Woodie Guthrie honored at Constitution Day lecture
Logan Riddell practice their pitching in hopes of achieving their goal of winning the Southland Conference Championship. Kaylin Eilers
Southeastern honored Constitutional Day with a lecture given by Dr. Mark Fernandez of Loyola University. Inside the Student Union Theater Sept. 18, Fernandez gave a presentation on Woody Guthrie. Fernandez is a professor of history at Loyola University.
The late Woody Guthrie was an influential American singer-songwriter and folk musician whose lyrics commonly tackled political issues. Fernandez's interest in Guthrie started one day while he was teaching summer school.
"One day in summer school, I had a bad case of laryngitis and I showed a film on the Industrial Revolution since I could not talk," said Fernandez. "It was a historical revolution and how the Industrial Revolution made it easier for people to move. Then I thought Woody Guthrie was a hobo, who traveled on steam locomotives. I then took a semester off and was working on my other project and I couldn't keep attention with it. I knew Woody Guthrie was the project I wanted to work on. So I went to my dean and told him this is the project I want to be working on."
He has many other projects that he has presented, but his main purpose in researching the Woody Guthrie project is because he would like to make a book "about the history of twentieth century America," said Fernandez, "but I want to do it in a way that maybe ties into some parts of America that often get left out of the big histories that deal with politics and war and do a history of the ordinary people."
Guthrie may not have reached the height of fame and celebrity that other folk musicians reached, like Bob Dylan and Joan Baez, however he had passion for ending racism.
"Woody Guthrie, a songwriter and social activist who is not well known to be part of the civil rights movement like other musicians of his day such as Pete Seeger, Odetta, even Bob Dylan and Joan Baez, was actually obsessed with ending racism in America and crusading for civil rights."
Guthrie was also a homeless person who would travel by train. He eventually found his way to Los Angeles, where he played his guitar on the radio, singing songs and telling stories. Guthrie found his audience there, and young people were fully involved on the subjects he would sing and tell stories about.
"He never fully evolved his ideas about race, and in the stories and songs he would frequently use the n-word towards African Americans," said Fernandez. "I believed it showed the conflicts because he would go out in the streets and lobby for African Americans workers rights, but still use the old terminology," Fernandez said.

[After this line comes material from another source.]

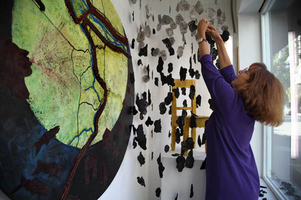 3 DOWN, 3 TO GO found objects, paint, maps, fabric, beads, glitter, crocheted wire variable configurations and sizes, painting 46" diameter A title change and additional collage elements were made for the January 2014 University of Portland exhibition to reflect the three eliminated train routes out of the 6 original proposals for coal terminals in the Northwest. The text collaged along the eliminated routes are the reasons for the withdrawal of the applications . As of September 2014 the permit was denied for the 4th proposal but that coal company has sued the state of Oregon. The two other proposals are in the midst of the permitting process. See the original 2012 window to the left. The installation can be hung in many environments and configurations to fit a space. It is available for exhibit and purchase. |

One day Guthrie received a letter from a young African American boy named Terrance, and he explained to Guthrie how hurtful his words were. Guthrie was taken aback by the letter. He did not realize his songs were so hurtful because he was just doing what was known for his culture. The next day on the radio, Guthrie apologized for all the racial slurs and said he would not use them again on the air, or in his performances.
Fernandez went on to talk about ways Guthrie went about advocating civil rights, like traveling to major cities to give performances. Sadly, all of Guthrie's songs, and his art, were created when he was battling Huntington's disease. This confined him to a mental hospital, and therefore his songs and art have not been heard and "that chapter of his life has not been explored," said Fernandez.
Carey Brooks a junior majoring in communication said he chose to come and enjoyed the way Fernandez portrayed Guthrie.
"My favorite part about Fernandez was how he shared how Guthrie loved the ideal idea concept of things because realistically he would not be able to do that specific idea," Brooks said.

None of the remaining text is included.